The Gene Ontology (GO) is a major bioinformatics initiative to unify the representation of gene and gene product attributes across all species. [1] More specifically, the project aims to: 1) maintain and develop its controlled vocabulary of gene and gene product attributes; 2) annotate genes and gene products, and assimilate and disseminate annotation data; and 3) provide tools for easy access to all aspects of the data provided by the project, and to enable functional interpretation of experimental data using the GO, for example via enrichment analysis. [2] [3] GO is part of a larger classification effort, the Open Biomedical Ontologies, being one of the Initial Candidate Members of the OBO Foundry. [4]

Contents

Whereas gene nomenclature focuses on gene and gene products, the Gene Ontology focuses on the function of the genes and gene products.
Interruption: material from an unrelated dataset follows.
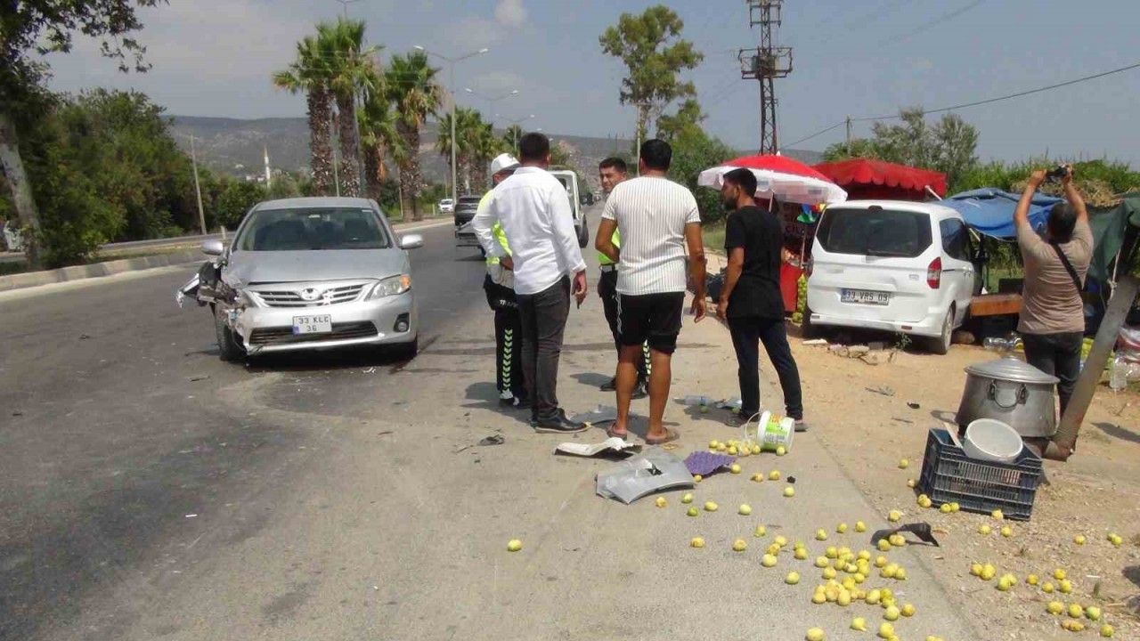 Mersin’in Silifke ilçesinde yol kenarında duran araca arkadan çarpan sürücü otomobilini bırakıp kaçtı. Kazaya karışan araçlardan biri çilek ve incir gibi yöresel ürünler satılan tezgaha girdi.
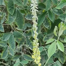 灌木 ,高约1米。茎、枝圆柱形,小枝“之”字形弯曲,密被开展、褐色短柔毛。托叶狭三角形,长6-7毫米,基部宽约2毫米,有条纹,被柔毛;叶柄长约3毫米,被褐色绒毛;小叶革质,顶生小叶披针形或长圆形,长13-20厘米,宽3.7-6厘米,先端渐狭而急尖,基部圆形或宽楔形,侧生小叶斜卵形,长3-4厘米,宽1.5-2厘米,先端急尖,上面疏被毛或近无毛,下面密被褐色软毛,侧脉每边8-15条,隆起,网脉明显;小托叶线形,长2毫米;小叶柄长1毫米,被褐色绒毛.伞形花序有花(5-)9-15朵,藏于叶状苞片内,由许多苞片排成顶生总状圆锥花序状,苞片斜卵形,先端微缺,长2.5-3.5厘米,宽2-2.7厘米;花梗长4-6毫米,被白毛;花萼长4-5毫米,被白色绒毛;花冠白色或淡黄色,旗瓣倒卵形,长8-9毫米,具瓣柄,冀瓣长7-8毫米,基部有耳,具瓣柄,龙骨瓣弧曲,长8-8.5毫米;雄蕊单体;雌蕊长9.5-10.5毫米,子房长3.5-4毫米,有胚珠7-8,花柱长5.5-6.5毫米,近基部处有柔毛。荚果长8-15毫米,宽3.5毫米,仅被缘毛,有荚节2-5,荚节近方形;种子宽椭圆形,长3毫米,宽2-2.3毫米。花期8-9月,果期10-11月。

The GO also extends the effort by using a markup language to make the data (not only of the genes and their products but also of curated attributes) machine readable, and to do so in a way that is unified across all species (whereas gene nomenclature conventions vary by biological taxon).

History

The Gene Ontology was originally constructed in 1998 by a consortium of researchers studying the genomes of three model organisms: Drosophila melanogaster (fruit fly), Mus musculus (mouse), and Saccharomyces cerevisiae (brewer's or baker's yeast). [5] Many other Model Organism Databases have joined the Gene Ontology Consortium, contributing not only to annotation data, but also to the development of ontologies and tools to view and apply the data. Many major plant, animal, and microorganism databases make a contribution towards this project. [6] As of July 2019, the GO contains 44,945 terms; there are 6,408,283 annotations to 4,467 different biological organisms. [6] There is a significant body of literature on the development and use of the GO, and it has become a standard tool in the bioinformatics arsenal. Their objectives have three aspects: building gene ontology, assigning ontology to gene/gene products, and developing software and databases for the first two objects.

Several analyses of the Gene Ontology using formal, domain-independent properties of classes (the metaproperties) are also starting to appear. For instance, there is now an ontological analysis of biological ontologies. [7]

Terms and ontology

From a practical view, an ontology is a representation of something we know about. "Ontologies" consist of representations of things that are detectable or directly observable and the relationships between those things. There is no universal standard terminology in biology and related domains, and term usage may be specific to a species, research area, or even a particular research group. This makes communication and sharing of data more difficult. The Gene Ontology project provides an ontology of defined terms representing gene product properties. The ontology covers three domains:

Each GO term within the ontology has a term name, which may be a word or string of words; a unique alphanumeric identifier; a definition with cited sources; and an ontology indicating the domain to which it belongs. Terms may also have synonyms, which are classed as being exactly equivalent to the term name, broader, narrower, or related; references to equivalent concepts in other databases; and comments on term meaning or usage. The GO ontology is structured as a directed acyclic graph, and each term has defined relationships to one or more other terms in the same domain, and sometimes to other domains. The GO vocabulary is designed to be species-neutral and includes terms applicable to prokaryotes and eukaryotes, single and multicellular organisms.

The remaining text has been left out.